4 of 427 comments (clear)

  1. Idea by Anonymous Coward · · Score: 3, Interesting

    Just send every single tax filing both ways. The right one gets filed, and wrong one gets rejected. Twice the work for the government.

    1. Re:Idea by ZachPruckowski · · Score: 4, Interesting

      And then finally they'll get the bright idea to implement software that recognizes whether it's upside down and only print out the ones that are right-side up!

      They can't implement that software because a method for doing that has already been patented!

      Much though I dislike software patents, that doesn't prevent using text to detect orientation. Someone upthread came up with a solution that wouldn't violate that patent, namely OCRing all orientations and the one with the most dictionary words is the correct orientation.

      The posted patent compares letter width to letter height, and uses that to determine if the image is sideways. If the document is all capital letters or in Russian, it looks at the 'T's in the document, otherwise it uses 'i's. It then figures the ratio of what appear to be correctly oriented 'T's or 'i's to incorrectly oriented 'T's or 'i's and uses that to determine whether or not the document is upside down.

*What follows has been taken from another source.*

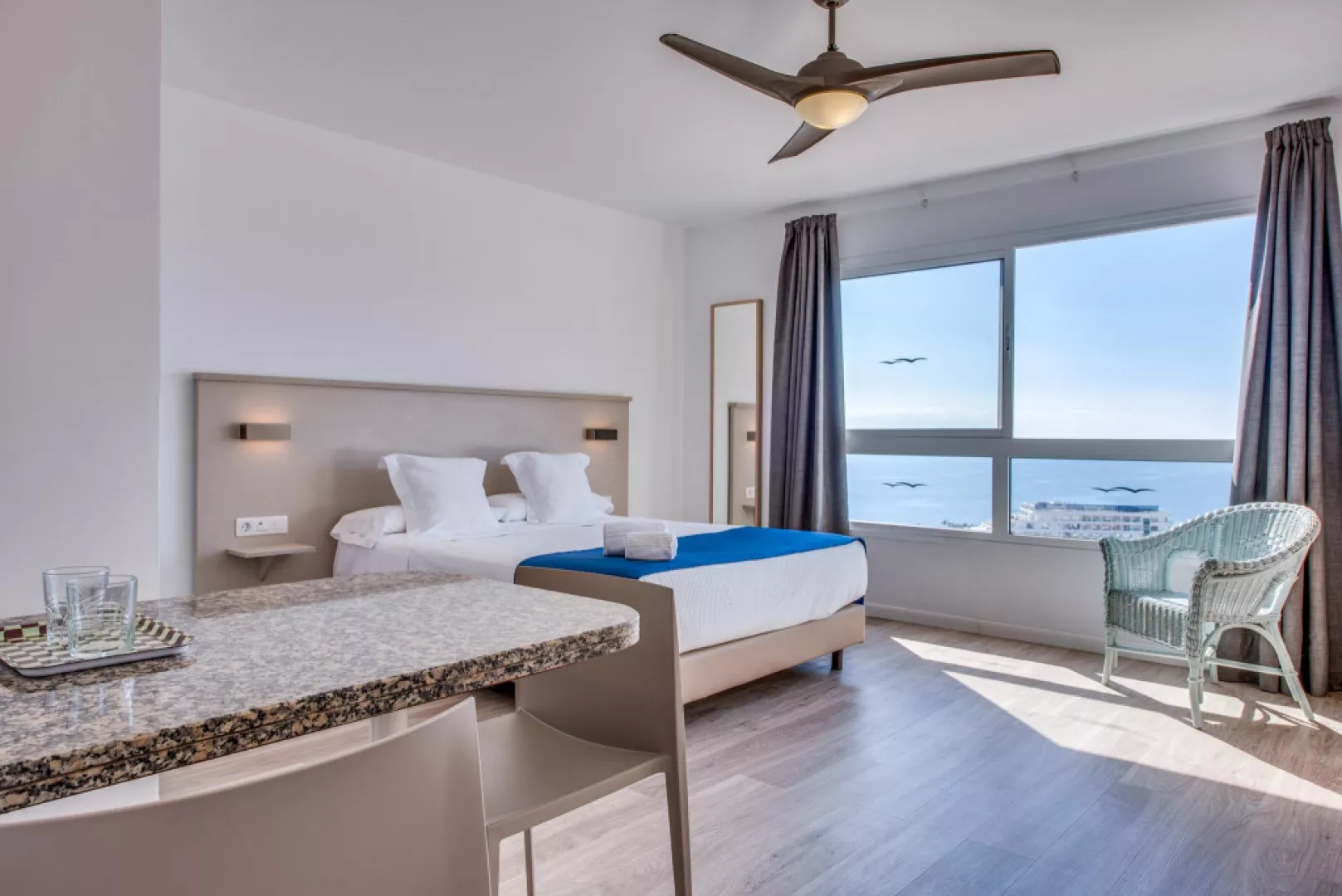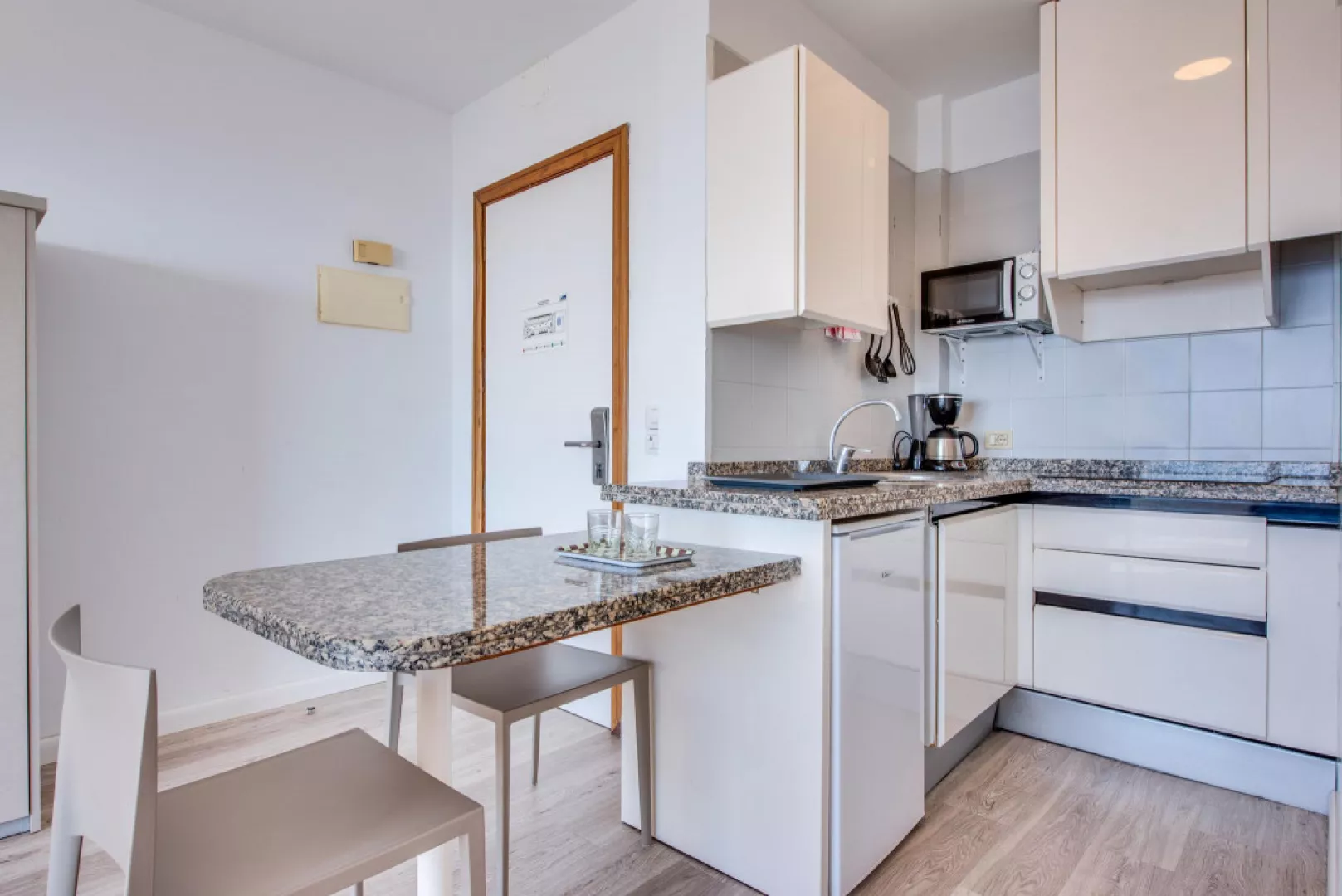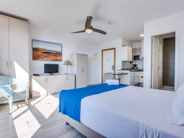 • 1-spálňový apartmán Rozloha apartmánu: 40-60 m2 Vybavenie: spálňa s manželskou posteľou 150x200 cm, obývačka s rozkladacou pohovkou, plne vybavená kuchyňa so sklokeramickou varnou doskou, chladničkou, mrazničkou, hriankovačom, rýchlovarnou kanvicou, kávovarom a mikrovlnnou rúrou, kúpeľňa so sprchou a fénom, TV s plochou obrazovkou, telefón, žehlička , trezor (za príplatok), balkón alebo terasa • 2-spálňový apartmán Rozloha apartmánu: 60-80 m2 Vybavenie: jedna spálňa s manželskou posteľou 150x200 cm, ďalšia spálňa s 2 samostatnými lôžkami, obývačka s rozkladacou pohovkou, plne vybavená kuchyňa so sklokeramickou varnou doskou, chladničkou, mrazničkou, hriankovačom, rýchlovarnou kanvicou, kávovarom a mikrovlnnou rúrou, kúpeľňa so sprchovacím kútom, vaňou a sušičom vlasov, TV s plochou obrazovkou, telefón, žehlička, trezor (za poplatok), balkón alebo terasa

      To circumvent that, you could test something different. If using different letters and the same overall formula don't evade the patent, you could still use factors like frequency analysis ('b' and 'd' are more common in English than 'q' and 'p') or attempting to detect different known incorrect characters (there's no English letter that looks like a sideways 'b', 'd', 'p', or 'q' or an upside-down 'k' or 'h' or 'y' (though an upside-down 'y' looks like a backwards 'h')

  2. Upside down or 180degrees? by fiddlesticks · · Score: 4, Interesting

    Reading the FA, it could be that the faxer sent the fax the wrong way up/ down - so the office received a blank fax.

    This would seem a perfectly valid reason to reject the submission

  3. Re:I'm curious, who's the idiot? by clone53421 · · Score: 4, Interesting

    Not only that, but the reason they say that it must have been rotated, not upside-down, is because otherwise the response would have been “your submission was blank”.

    No, not if they’ve seen it a million times before, it wouldn’t...

    First day on the job:

    “Your submission was blank.”
    “No, it wasn’t!”
    “It was.”
    “It wasn’t. I’m looking at it now!”
    “Well, could you have possibly put the pages into the document feeder upside-down by mistake?”
    “...”
    “...”
    “...oops. I’ll re-send it.”

    2nd day on the job:

    “The faxed submission was received upside down.”
    “So rotate them 180 degrees, dumbass!”
    “...”

    --
    Alexander Peter Kristopeit bought his basement from his mommy for one dollar.